Uber, seeking to repair rocky relations over pay and benefits with its roughly 600,000 active drivers, updated its app in July to enable tipping by customers. It has also rolled out a pilot insurance plan launched in partnership with Aon PLC to help cover on-the-job accidents.

In June, Uber also committed to developing a program to help drivers take on full-time roles. More than 100 drivers have been hired into customer-support jobs across the country, according to a spokesman.

Ride-sharing competitor Lyft Inc. in 2015 launched a tiered perks program, giving enhanced tax, health and car maintenance services depending on the number of rides completed by its roughly 700,000 drivers, a spokeswoman said.

Companies are also using signing bonuses to lure workers. Postmates, an on-demand delivery service, offers bonuses ranging from $50 to $500. Bonuses for new Uber drivers recently hit $1,000 in San Francisco; for Lyft, it was $800. Drivers get referral bonuses, too.

Harry Campbell, who runs The Rideshare Guy, a blog that compiles information for on-demand workers, says turnover is driven by gig workers' unhappiness with their take-home pay. The most effective sweeteners, he says, are those that reduce workers' expenses and give them quicker access to their pay.

A 2015 analysis of Uber's workforce found that 45% of new drivers left the platform in their first year, a rate that remained steady in a separate 2016 study by economists in partnership with the firm.

In any given month, an estimated one in six participants in the gig economy is new, and more than half of such workers exit within a year, according to a November report from the JPMorgan Chase & Co. Institute.

Adding perks can "smooth out" any dips in service sparked by worker turnover for on-demand companies, said Jennifer Fonstad, co-founder of venture firm Aspect Ventures, which has investments in UrbanSitter, among other gig-economy startups. "These new, ancillary services can enhance the gig worker's ability to do a job better and more easily," she added.

Businesses can face lawsuits if they treat independent workers too much like employees who, unlike contractors, must legally be provided certain benefits and protections, said Scott Witlin, an employment attorney with law firm Barnes & Thornburg LLP. Sweeteners like discounted cellphone plans and referrals to affordable benefits, offered by many firms, keep companies on safe legal ground, he said.
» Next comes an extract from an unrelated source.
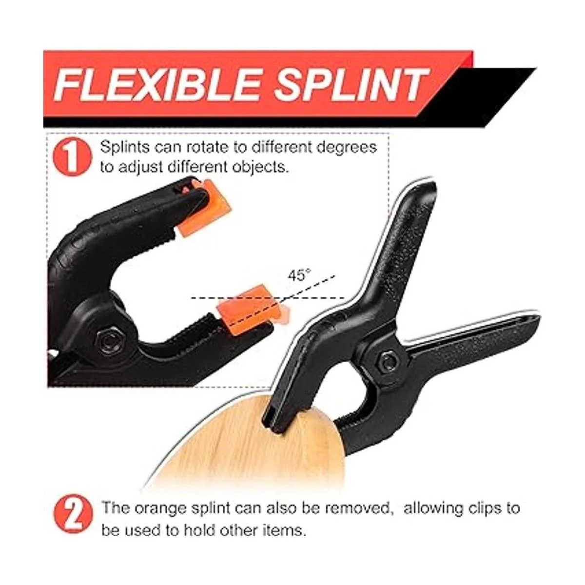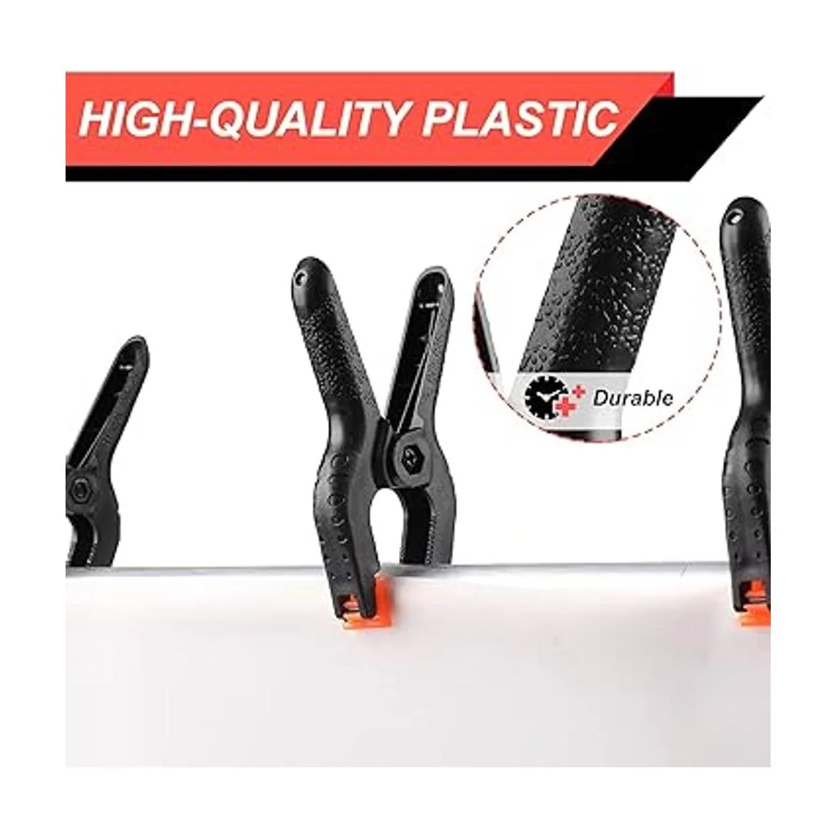 Resorte de alta resistencia: los clips de plástico adoptan un diseño de resorte de alta resistencia, el resorte aplica una cierta presión, abrazadera fuerte y uso eficiente. Es un buen compañero para tus proyectos de bricolaje como fotografía, fondo, carpintería, etc.

San Francisco-based food delivery startup DoorDash Inc. has enlisted outside companies to connect its 100,000 independent contractors to health-insurance plans and offers next-day payments.

DoorDash is also trying to expand the pool of potential delivery workers -- dubbed "dashers" -- by leasing motorized bicycles for workers' use during delivery runs in four cities.

DoorDash could eventually rent the fleet to interested workers for a small daily fee, according to chief executive Tony Xu. For now, GenZe, the bikes' maker, is providing the $1,600 vehicles to the company free of charge.

"It's a matching game between maintaining a steady supply of dashers with the number of orders coming in from customers," said Mr. Xu. The company is betting that perks will help retain experienced delivery workers who will provide better service, thus helping grow DoorDash's customer base, he said.

Instacart will begin offering workers discounted mobile-phone plans in the coming months; it has also begun opening its company town halls to its tens of thousands of on-demand shoppers, said Senior People Operations Partner Ru Cymrot-Wu.

Shoppers hear executives' updates on company performance and can ask questions of Instacart leaders. The company recently settled a class-action lawsuit brought by contractors for $4.6 million in March, after they claimed the company improperly pooled their tips and failed to reimburse them for business expenses. Instacart denied the charges, but has since added a more visible way for customers to tip their shoppers.

"There's been a lot of growth in the area of acknowledging that people are what makes our business run," said Ms. Cymrot-Wu, referring to Instacart's on-demand shoppers. "We need to ensure they have support and resources."

Write to Kelsey Gee at kelsey.gee@wsj.com

 

(END) Dow Jones Newswires

August 08, 2017 05:44 ET (09:44 GMT)

Copyright (c) 2017 Dow Jones & Company, Inc.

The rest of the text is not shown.